SUPPLIED ENTRIES section start

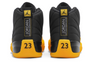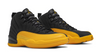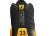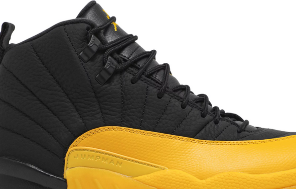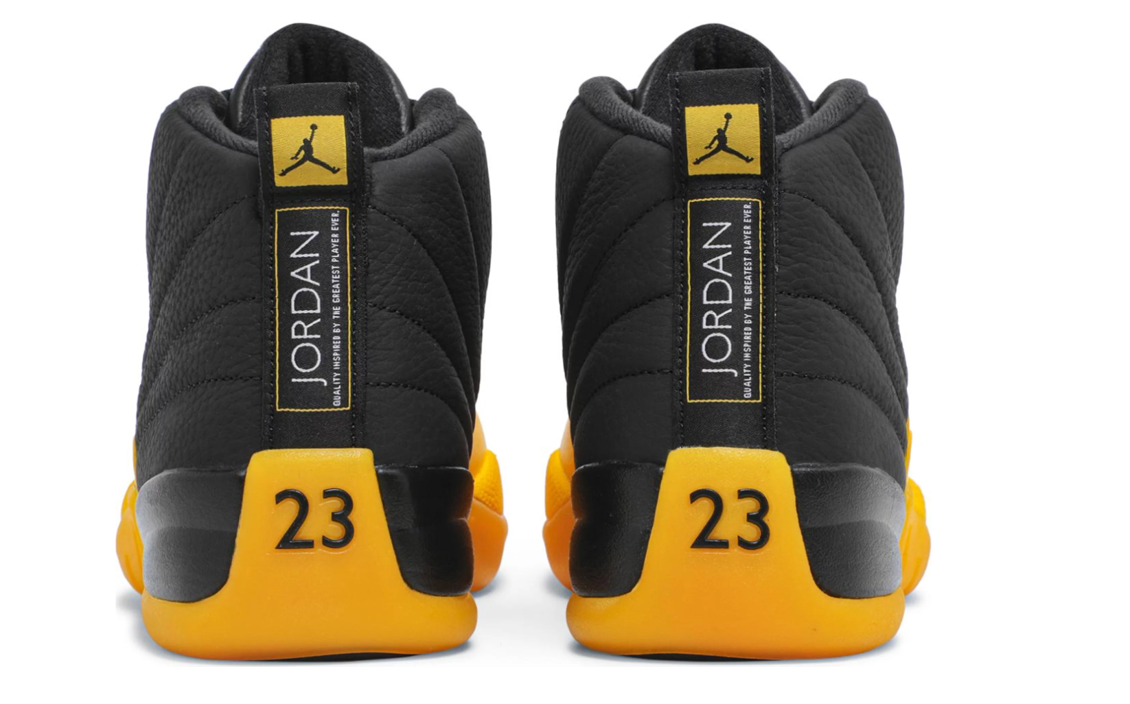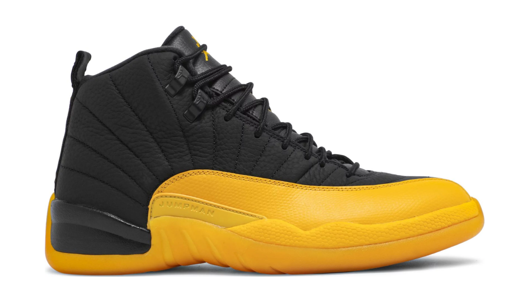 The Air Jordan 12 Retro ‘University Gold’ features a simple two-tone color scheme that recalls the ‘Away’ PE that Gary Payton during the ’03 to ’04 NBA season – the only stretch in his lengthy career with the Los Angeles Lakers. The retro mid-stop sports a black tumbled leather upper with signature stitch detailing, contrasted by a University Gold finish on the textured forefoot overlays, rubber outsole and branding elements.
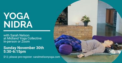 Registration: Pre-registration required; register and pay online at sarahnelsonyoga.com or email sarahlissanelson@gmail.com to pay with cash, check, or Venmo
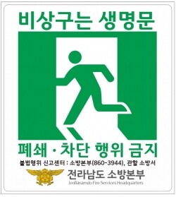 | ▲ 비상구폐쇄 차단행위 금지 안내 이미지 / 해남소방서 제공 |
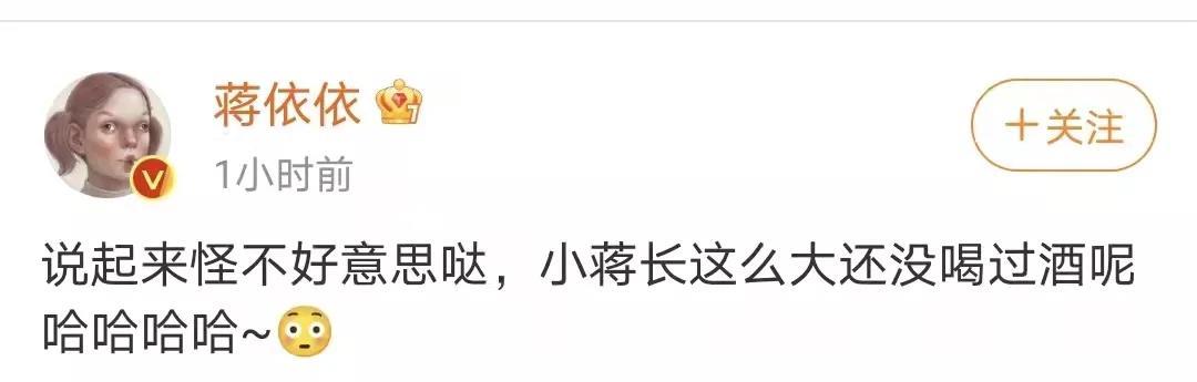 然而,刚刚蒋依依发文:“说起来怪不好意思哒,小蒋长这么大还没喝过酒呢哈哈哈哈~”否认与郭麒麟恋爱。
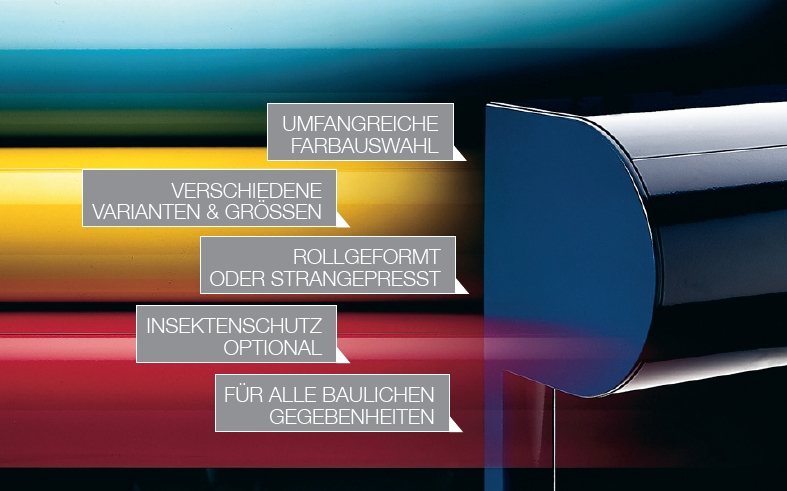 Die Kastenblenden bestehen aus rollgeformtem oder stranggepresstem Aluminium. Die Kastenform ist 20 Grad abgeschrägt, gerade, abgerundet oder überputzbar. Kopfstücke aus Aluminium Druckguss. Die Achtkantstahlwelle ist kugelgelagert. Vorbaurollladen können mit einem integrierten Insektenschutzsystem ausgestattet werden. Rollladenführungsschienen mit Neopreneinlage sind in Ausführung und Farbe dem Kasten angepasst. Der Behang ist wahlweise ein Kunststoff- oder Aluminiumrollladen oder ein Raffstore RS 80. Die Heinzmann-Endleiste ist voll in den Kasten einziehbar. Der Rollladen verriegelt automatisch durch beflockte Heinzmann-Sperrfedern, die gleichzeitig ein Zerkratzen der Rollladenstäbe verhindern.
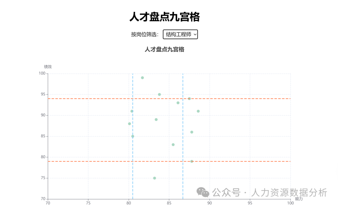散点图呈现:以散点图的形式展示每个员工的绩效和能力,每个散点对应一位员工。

SUPPLIED ENTRIES section end

* ASSIGNED TASK
Everything from the line holding "Registration: Pre-registration required;" to the close of the records should be written out exactly, both ends included, with pictures omitted.

* YOUR SOLUTION
 Registration: Pre-registration required; register and pay online at sarahnelsonyoga.com or email sarahlissanelson@gmail.com to pay with cash, check, or Venmo
 | ▲ 비상구폐쇄 차단행위 금지 안내 이미지 / 해남소방서 제공 |
 然而,刚刚蒋依依发文:“说起来怪不好意思哒,小蒋长这么大还没喝过酒呢哈哈哈哈~”否认与郭麒麟恋爱。
 Die Kastenblenden bestehen aus rollgeformtem oder stranggepresstem Aluminium. Die Kastenform ist 20 Grad abgeschrägt, gerade, abgerundet oder überputzbar. Kopfstücke aus Aluminium Druckguss. Die Achtkantstahlwelle ist kugelgelagert. Vorbaurollladen können mit einem integrierten Insektenschutzsystem ausgestattet werden. Rollladenführungsschienen mit Neopreneinlage sind in Ausführung und Farbe dem Kasten angepasst. Der Behang ist wahlweise ein Kunststoff- oder Aluminiumrollladen oder ein Raffstore RS 80. Die Heinzmann-Endleiste ist voll in den Kasten einziehbar. Der Rollladen verriegelt automatisch durch beflockte Heinzmann-Sperrfedern, die gleichzeitig ein Zerkratzen der Rollladenstäbe verhindern.
散点图呈现:以散点图的形式展示每个员工的绩效和能力,每个散点对应一位员工。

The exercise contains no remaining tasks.